Transcribe each line of the records below exactly, excluding any embedded images.

* * * * * * * * *

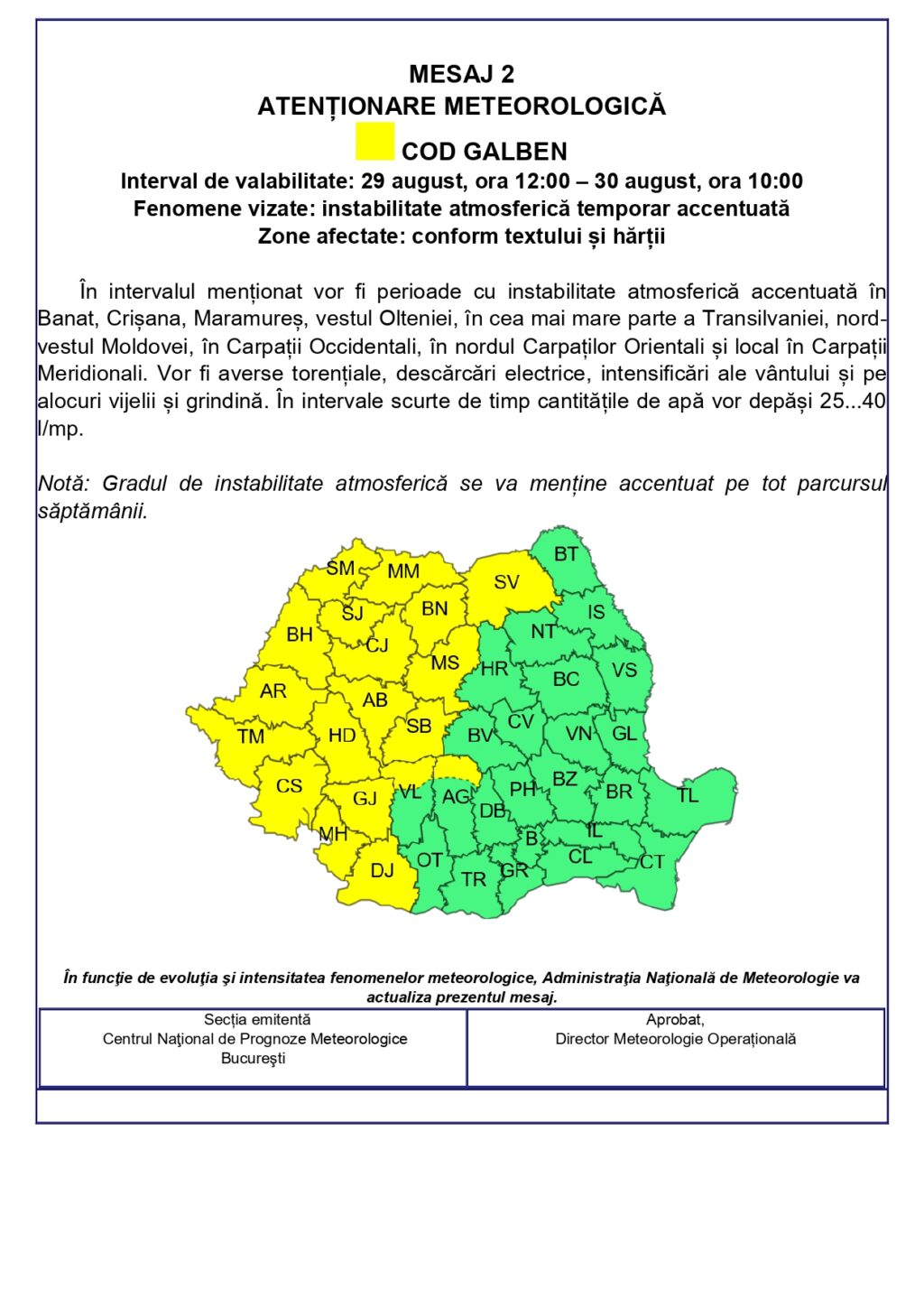 Potrivit ANM, Banat, Crișana, Maramureș, vestul Olteniei, cea mai mare parte a Transilvaniei, nord-vestul Moldovei, Carpații Occidentali, nordul Carpaților Orientali și, local, Carpații Meridionali sunt zonele aflate sub alertă meteo de instabilitate atmosferică accentuată.
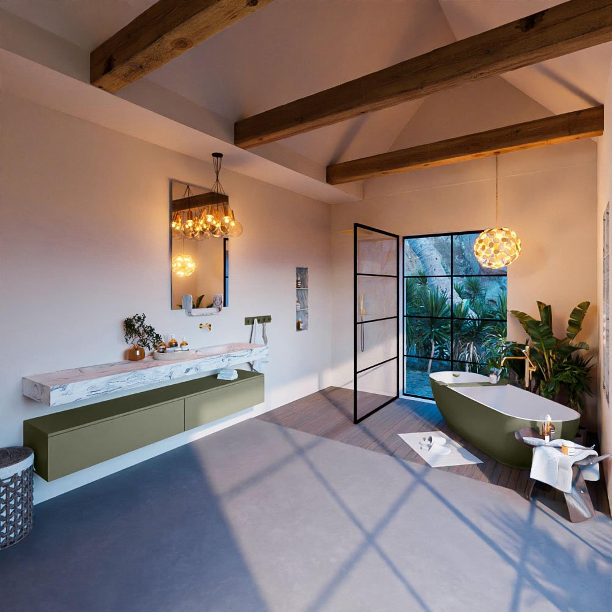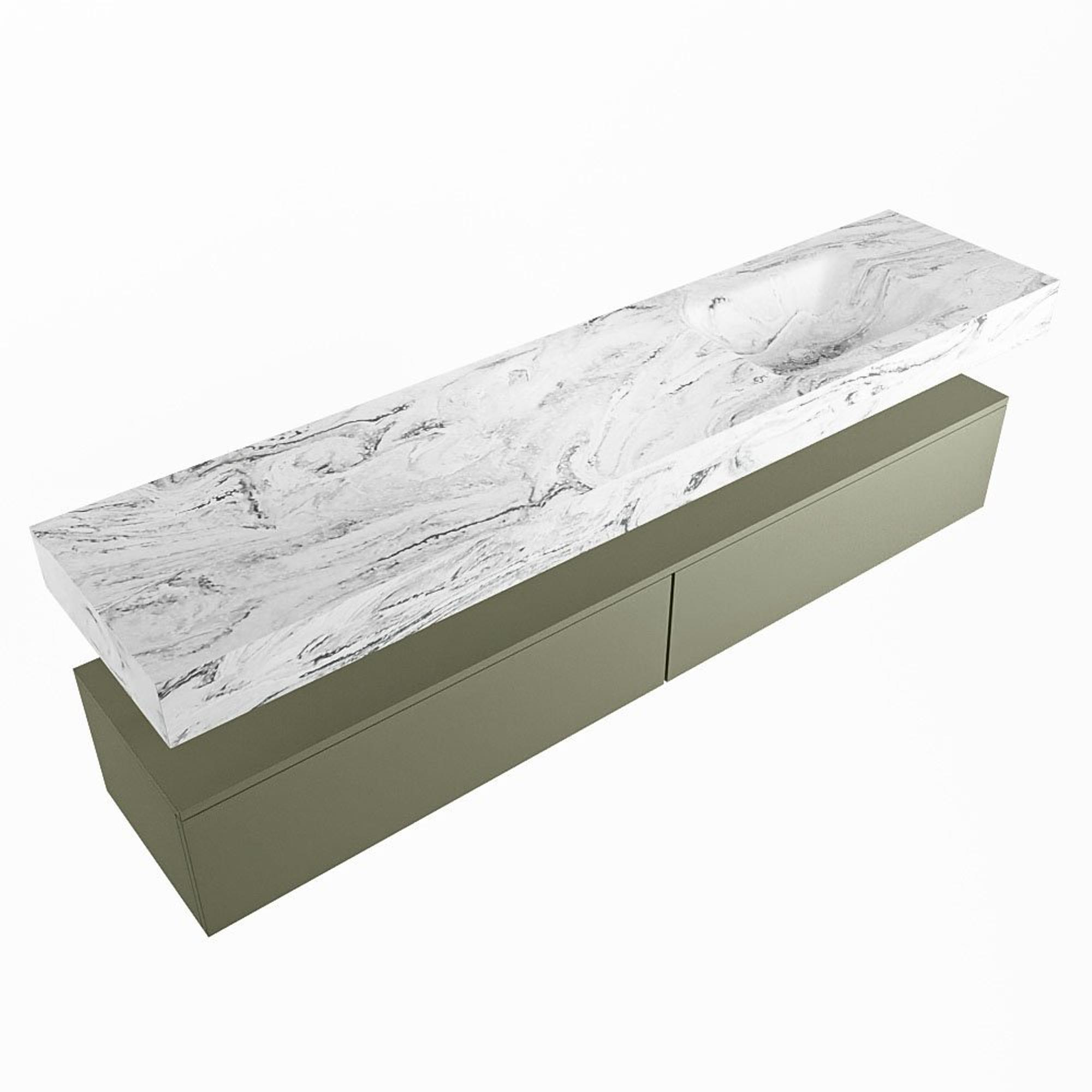 MONDIAZ ALAN - DLUX Badkamermeubelset - 200cm - onderkast - Army - 2 lades - vrijhangende wastafel - wasbak rechts - 0 kraangaten - Glace
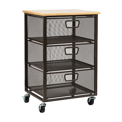 Mind Reader 3-Shelf Drawer Mobile Organizer Cart with Wheels, Black (3TMESHC-BLK)
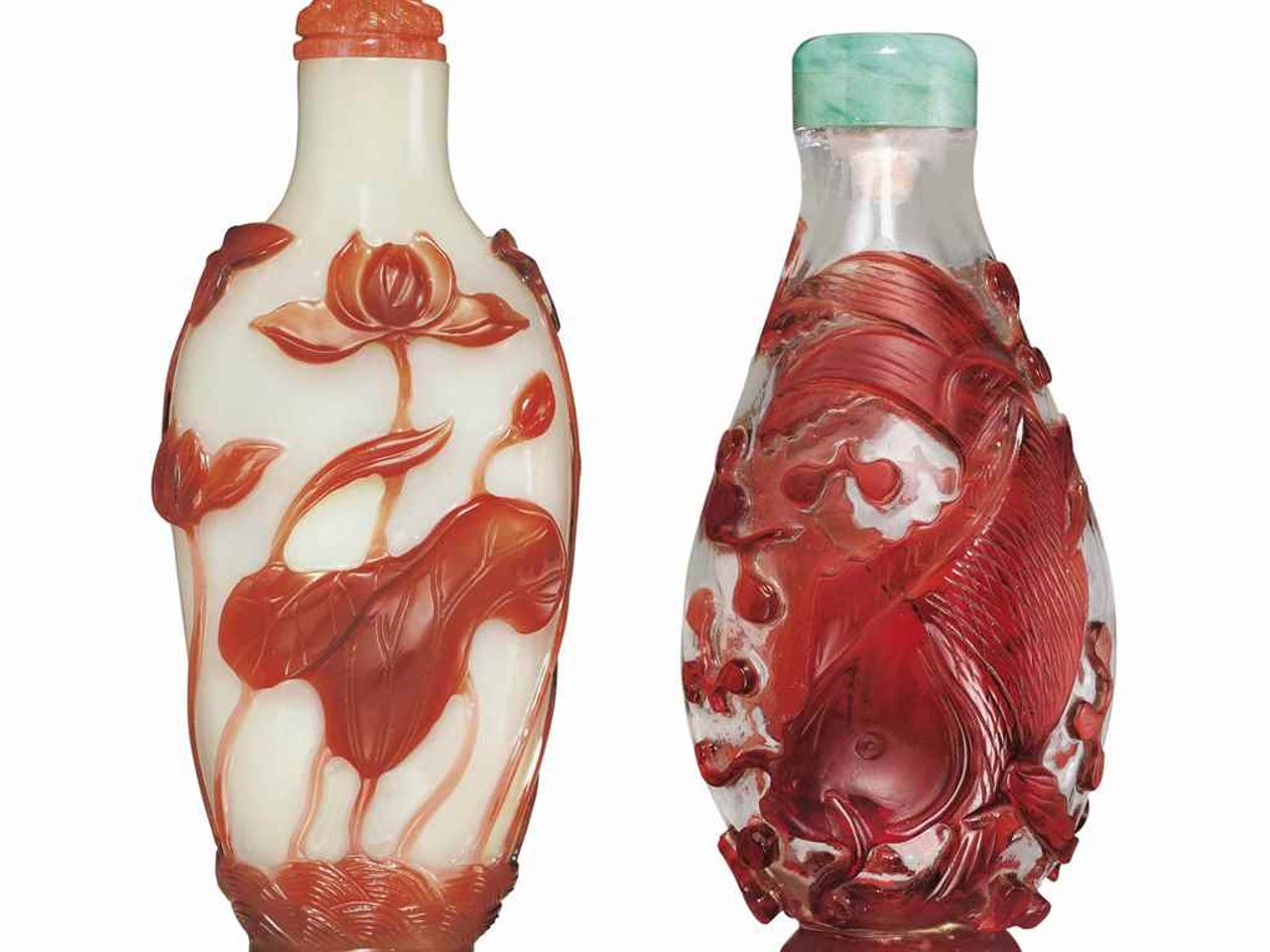 The first, 1770-1860, is carved through the clear red glass overlay to the translucent white ground with lotus and water plants. The second, 1760-1850, is decorated with two carp amidst water weeds, carved through the clear red glass overlay to the clear ground.
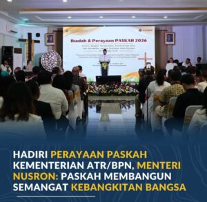 Menteri Agraria dan Tata Ruang/Kepala Badan Pertanahan Nasional (ATR/BPN), Nusron Wahid, menghadiri Perayaan dan Ibadah Paskah Persekutuan Umat Kristiani Kementerian ATR/BPN pada (25/04/2026).
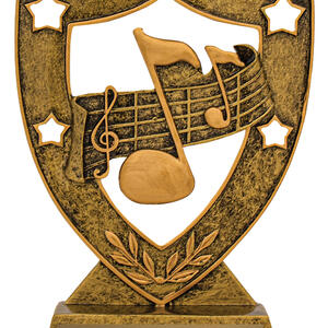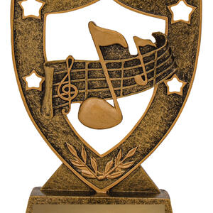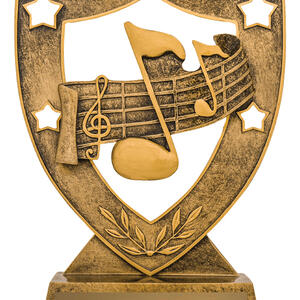 Celebrate musical achievement with this elegantly crafted music trophy, featuring a distinctive shield design adorned with raised musical notes and a treble clef. The gold finish highlights its unique three dimensional form, making it a standout choice for music competitions and band recognition.

* * * * * * * * *

> Response to this exercise
 Potrivit ANM, Banat, Crișana, Maramureș, vestul Olteniei, cea mai mare parte a Transilvaniei, nord-vestul Moldovei, Carpații Occidentali, nordul Carpaților Orientali și, local, Carpații Meridionali sunt zonele aflate sub alertă meteo de instabilitate atmosferică accentuată.
 MONDIAZ ALAN - DLUX Badkamermeubelset - 200cm - onderkast - Army - 2 lades - vrijhangende wastafel - wasbak rechts - 0 kraangaten - Glace
 Mind Reader 3-Shelf Drawer Mobile Organizer Cart with Wheels, Black (3TMESHC-BLK)
 The first, 1770-1860, is carved through the clear red glass overlay to the translucent white ground with lotus and water plants. The second, 1760-1850, is decorated with two carp amidst water weeds, carved through the clear red glass overlay to the clear ground.
 Menteri Agraria dan Tata Ruang/Kepala Badan Pertanahan Nasional (ATR/BPN), Nusron Wahid, menghadiri Perayaan dan Ibadah Paskah Persekutuan Umat Kristiani Kementerian ATR/BPN pada (25/04/2026).
 Celebrate musical achievement with this elegantly crafted music trophy, featuring a distinctive shield design adorned with raised musical notes and a treble clef. The gold finish highlights its unique three dimensional form, making it a standout choice for music competitions and band recognition.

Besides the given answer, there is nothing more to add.